# Is there a way to limit searches to particular subforums?



## ElectroGeek (Sep 5, 2011)

Is there a way to limit searches to particular subforums/threads?

Many threads are extremly long and subforums really big. You should search before starting a new thread, but relavent results are hard to find.

I only use my phone(no computer) and most times use tapatalk.

Thanks...

Droid2 Global CM4D2G-GB-20120124.zip ***CM7 x13thangelx Kang***


----------



## poontab (Jun 7, 2011)

Yes just navigate to that particular subforum & search. It automatically changes the search parameters.


----------



## ElectroGeek (Sep 5, 2011)

What about in thread search

Droid2 Global CM4D2G-GB-20120124.zip ***CM7 x13thangelx Kang***


----------



## poontab (Jun 7, 2011)

b16 said:


> Finally, somewhere you can go, without a leash.
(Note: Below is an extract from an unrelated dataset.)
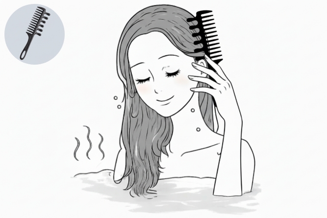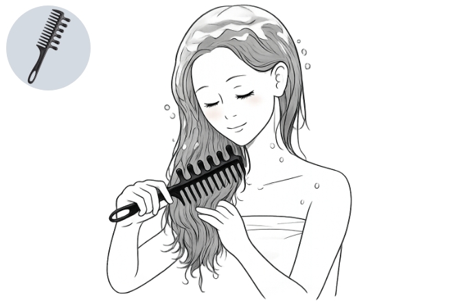 1. シャワー前、髪のもつれを指でほぐしたあと、ブラッシングして不要なほこりをとることでシャンプーの泡立ちがUP!

Yes search will only search the thread if you are utilizing it from within a thread.


----------



## ElectroGeek (Sep 5, 2011)

poontab said:


> Yes search will only search the thread if you are utilizing it from within a thread.


and how do you do that with tapatalk

Droid2 Global CM4D2G-GB-20120124.zip ***CM7 x13thangelx Kang***


----------



## poontab (Jun 7, 2011)

ElectroGeek said:


> and how do you do that with tapatalk
> 
> Droid2 Global CM4D2G-GB-20120124.zip ***CM7 x13thangelx Kang***


You go here & request that feature.


----------



## jellybellys (Apr 3, 2012)

poontab said:


> You go here & request that feature.


Lol. +1


----------